There is NO NEED for engine teardown…until something tell the mechanic that he needs to tear it down to get to a certain item… Does that make sense? I just wish more places would actually DO THEIR JOB…and determine what is wrong rather than just throwing parts at it…There are clear cut ways to diagnosing an issue like this

Sorry for my delay in getting codes but now they do not exist. While the car still on occassion is blowing smoke and the smell of something, exhaust, fuel, ??? continues, and the service engine light is on codes seem to have disappeared.

My brother (first mistake) while intensions were good, hooked up his code reading device an OBII or something like that, and quickly erased the code with out writing it down. So…, I let the vehicle run for a couple of weeks with the same symptoms as before, the service light came on again and then re-ran the scan. Low and behold, no codes dedected.

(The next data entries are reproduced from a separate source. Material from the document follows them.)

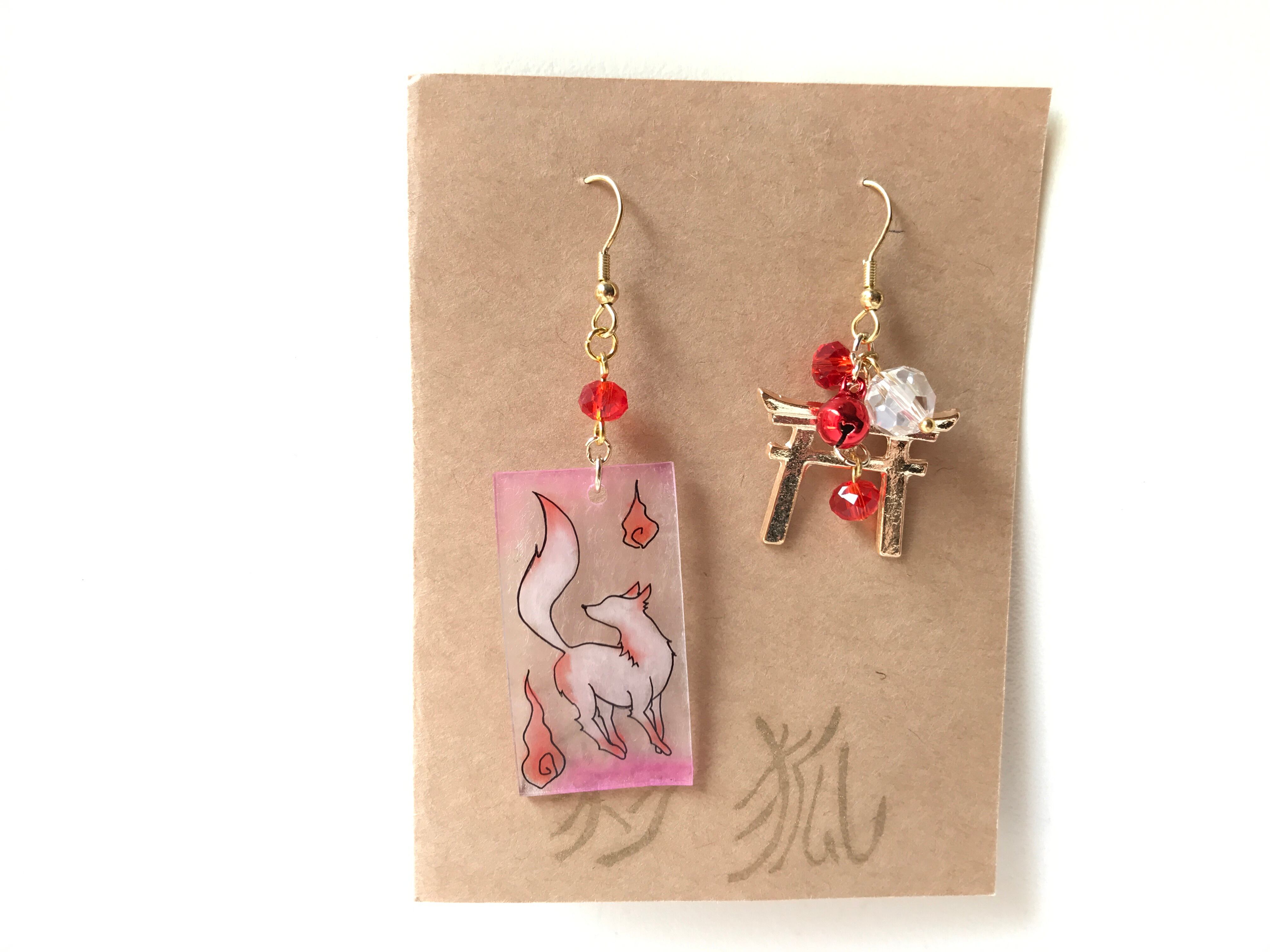 彩狐謹製。狐札と鳥居のセットのイヤリングです。
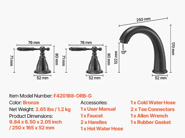 VEVOR Roman Tub Faucet, Gooseneck Bath Tubs Faucets Set with 2 Handles, Roman Tub Faucets Deck Mount for Baby Care, Adult Bathing, 3 Hole Waterfall Bathtub Faucet, Bronze, High Arc Spout Design
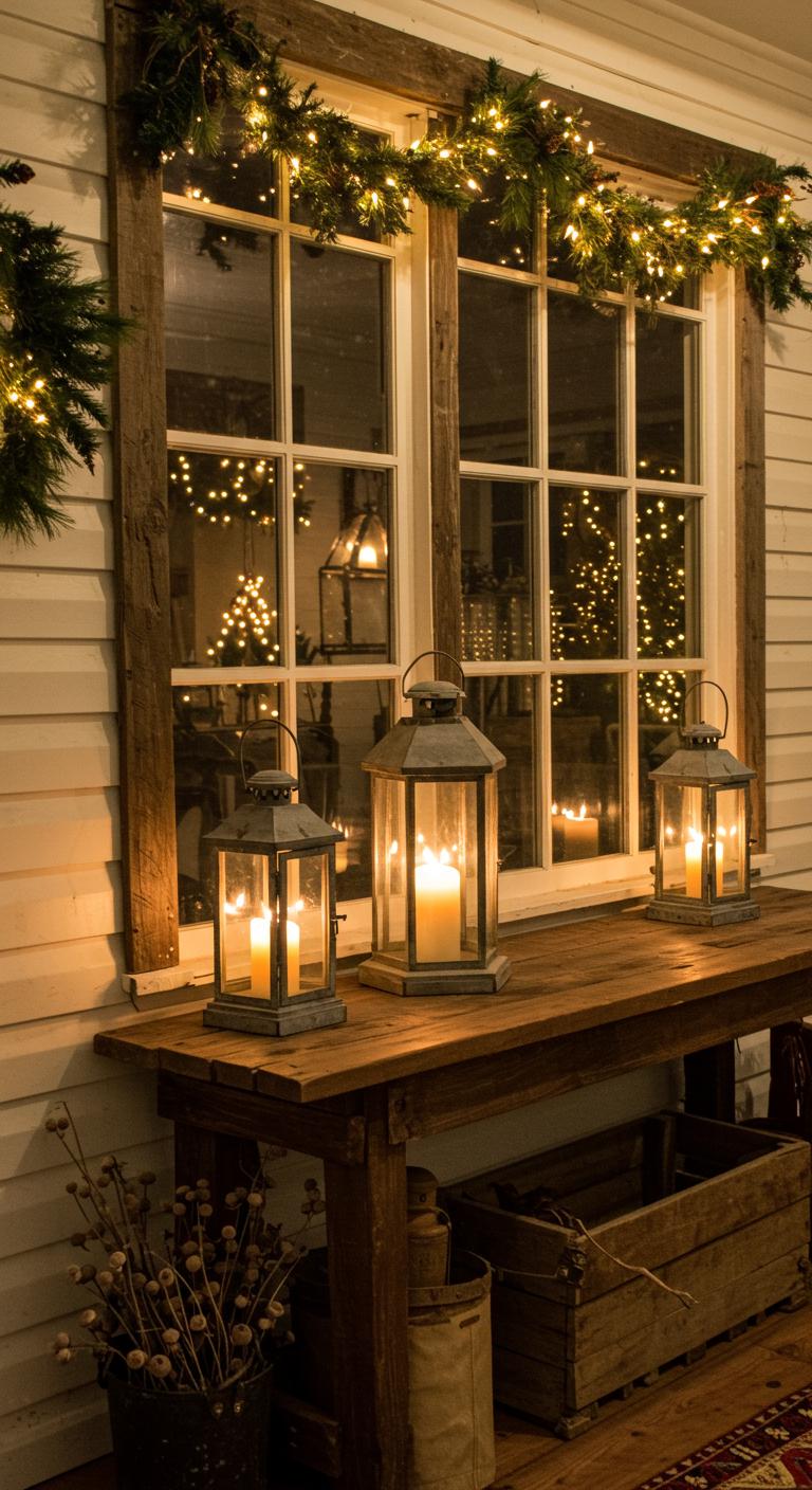 Add vintage lanterns, flickering softly, casting a golden glow across your space.

I’m sure it is the device which is (I can only assume) less advanced as the mechanics but it had read a code before bro managed to erase it, before writing it down.

Back to the mechanic I guess, just got a coupon for free engine diag. at a local mieneke, I’ll see what that does???

The white smoke might be from excess gas entering the engine from a leaking fuel pressure regulator. The fuel pressure regulator is located on the fuel rail for the injectors. It’s a small metal canister with a single vacuum hose connected to it. Remove the vacuum hose from the regulator, and if gas leaks out of this connection the regulator is leaking and requires replacement.


I’ll give that a try, thank you very much!! I assume you mean the gas will leak from the metal canister not the vaccum hose?